Posted: Apr 30th 2008 9:30PM by Chris Sparling
Filed under: Fitness, Food and Nutrition, General Health, Women's Health, Men's Health

When it comes to exercise, most people start a program -- or are at least think of starting a program -- because they want to lose weight. Like I said, this is most people. But, it's not everyone.

Hardgainers -- that is, people who have difficulty putting on weight of any kind -- usually turn to weight training as a means of bulking up. These folks are usually classified as ectomorphs; the skinniest of the three somatypes, they are characterized by long arms and legs and a short upper body and in most cases have long, thin muscles. While the concept of somatypes is a bit outdated these days, labeling hard gainers as such serves the general purpose for the sake of this discussion.

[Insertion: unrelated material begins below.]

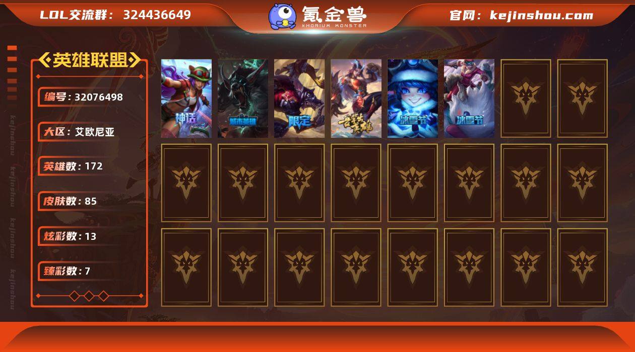 【LOLYH1583】172英雄/85皮肤/1神话/7限定/7臻彩/13炫彩/10传说/16史诗/未定级/十五周年纪念 希维尔/无畏骑士 瑟庄妮 赤子初心/闭月之颜 貂蝉 炫金莲华/幻灵战斗兔 锐雯 梦幻强袭/灵魂莲华 锐雯 流火/破败军团 厄运小姐 灵岛征伐使/水晶玫瑰 斯维因 纯洁花蕾/龙马烈焰波比/魄罗骑士 瑟庄妮/寒冬精灵 璐璐/暗裔英雄 盖伦/暗影 沃里克/都铎王朝 图奇/玉剑传说 舞龙卫/地狱之门卫士 加里奥/合金巨兽 努努和威朗普/恶魔之刃 泰达米尔/电玩女神 娑娜/腥红之月 鬼武姬 阿卡丽/死亡骑士 盖伦/焰尾妖狐 阿狸/光明哨兵 格雷福斯/星之守护者 金克丝/源计划:毁灭 派克/铁钩船长 费德提克/地狱火 阿利斯塔/狼外婆 沃里克/法国皇室 厄运小姐/穿着正装的恶魔 维迦/古墓丽影 凯特琳/符文战神 雷克顿/腥红之月 伊莉丝/铁血女忍 阿卡丽/钢铁烈阳 蕾欧娜/兔女郎 锐雯/深海怪鱼 克格莫/海牛猎手 菲兹/铁血帝皇 德莱厄斯/源代码 丽桑卓/糖果之王 艾翁/钢铁终结者赛恩/黑暗骑士奥拉夫/幽蓝梦魇加里奥/电锯狂人厄加特/幻执事乐芙兰/波江星神弗拉基米尔/联合王国费德提克/后场堡垒阿利斯塔/部落精神瑞兹/宗师级法师训练师瑞兹/森林女神索拉卡/游击队员崔丝塔娜/我羽饰骑士崔丝塔娜/西部牛仔厄运小姐/嘻哈精神基兰/冲浪高手辛吉德/惊天魔盗伊芙琳/暴龙科加斯/极度深寒拉莫斯/战栗之毒蒙多/凌云之翼艾瑞莉娅/奥德赛卡尔玛/里尔击球手特朗德尔/赏金猎人卡特琳娜/黑色玫瑰假面舞会伊莉丝/哥特女仆奥莉安娜/独眼海盗兰博/太空律动串烧大师兰博/未来战士潘森/KDAALLOUT阿卡丽/荣誉使者玛尔扎哈/灵魂莲华锐雯/炎爆慎/荣誉使者慎/北地风暴沃利贝尔/禁魔石巨像诺提勒斯/传统造型瑟庄妮/泳池派对 德莱文/幽魂骑士赫卡里姆/杰斯光明之锤/死亡之鹰奎因/荣誉使者阿克尚/斗魂觉醒烬/狗粮克烈/永恒之森阿兹尔/深渊恐惧锤石/怨之砂派克/灵魂莲华永恩/战斗...

However, try as some hardgainers might to pack on a bit of muscle, many find this task to be quite difficult. While this may be due to any of a host of reasons, there's a strong possibility that it may be related to the amount of cardio being performed. Because of the metabolism-boosting effect cardiovascular exercise has on the body, a hardgainer may have trouble holding onto enough calories to build and retain new muscle. Again, I'm speaking in very broad and general terms here, but this is pretty much the gist of it. So, if you happen to be someone who can't seem to put any meat on your bones, you may want to cut back on the time you spend on the treadmill and instead focus on mass-building, compound lifting moves.